Though AMD announced the Radeon HD 7800 series nearly two weeks ago, it won’t be until Monday that the cards officially go on sale. While we’re still at work on our full launch article, our first retail card, PowerColor’s PCS+ HD7870, recently arrived and we’ve just finished putting it through its paces.

The PCS+ HD7870 is fairly typical of what will be launching; it’s a factory overclocked card with a heatpipe based open air cooler. PowerColor has pushed the card to 1100MHz core, 4.9GHz memory, representing a 100MHz (10%) overclock and a much more mild 100MHz (2%) memory overclock. Given the very high overclockability we’ve seen in the entire Radeon HD 7000 series, PowerColor is one of the partners looking to take advantage of that headroom to stand out from the pack.

We’ll have the full details on Monday, but for the time being we wanted to share a couple of numbers.

Compared to the reference 7870 The PCS+ HD7870 is faster and quieter at the same time, the latter of which is largely a result of PowerColor using an open air cooler as opposed to a blower as in AMD’s reference design. The 100MHz overclock adds a fair bit of performance to the PCS+ 7870, and for AMD’s partners this is a big deal as allows them to put more space between their factory overclocked models and stock models as compared to the less overclockable 6000 series.

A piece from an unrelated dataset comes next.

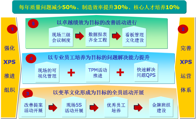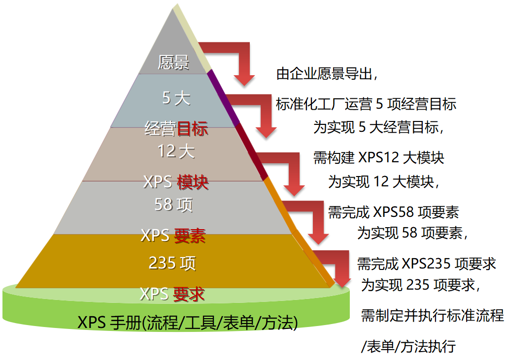 XPS系統(tǒng)架構(gòu)分由理念、原則、模型、目標、要素、要求部分構(gòu)成,其理念為:“XPS-A持續(xù)變革系統(tǒng)”是以A集團及下屬企業(yè)戰(zhàn)略為導向,結(jié)合企業(yè)運營的具體情況,運用世界上最行之有效的績效改善工具和方法,幫助企業(yè)建立和完善高效的運營系統(tǒng)和模式-XPS持續(xù)變革系統(tǒng),使企業(yè)在產(chǎn)品創(chuàng)新、流程創(chuàng)新、人才培養(yǎng)、利潤創(chuàng)新等方面的績效達到世界領(lǐng)先水平,并形成與企業(yè)自身文化相融合的持續(xù)改善文化,構(gòu)筑企業(yè)的核心競爭力。“

As far as construction goes the PCS+ 7870 is a rather typical semi-custom 7870. PowerColor is using AMD’s PCB along with their own aluminum heatpipe cooler. As we speculated in our 7870 review, partners are using the second DVI header on the PCB, with PowerColor using a stacked DVI design here to offer a second SL-DVI port.

Finally, how’s overclocking? We hit 1150MHz core on our reference 7870. With PowerColor already binning chips for their PCS+ 7870 we landed a chip that could do a full 1200MHz, a full 20% over the reference 7870 and 9% over PowerColor’s factory overclock. And like the reference 7870 this is all on stock voltage – we haven’t even touched overvolting yet.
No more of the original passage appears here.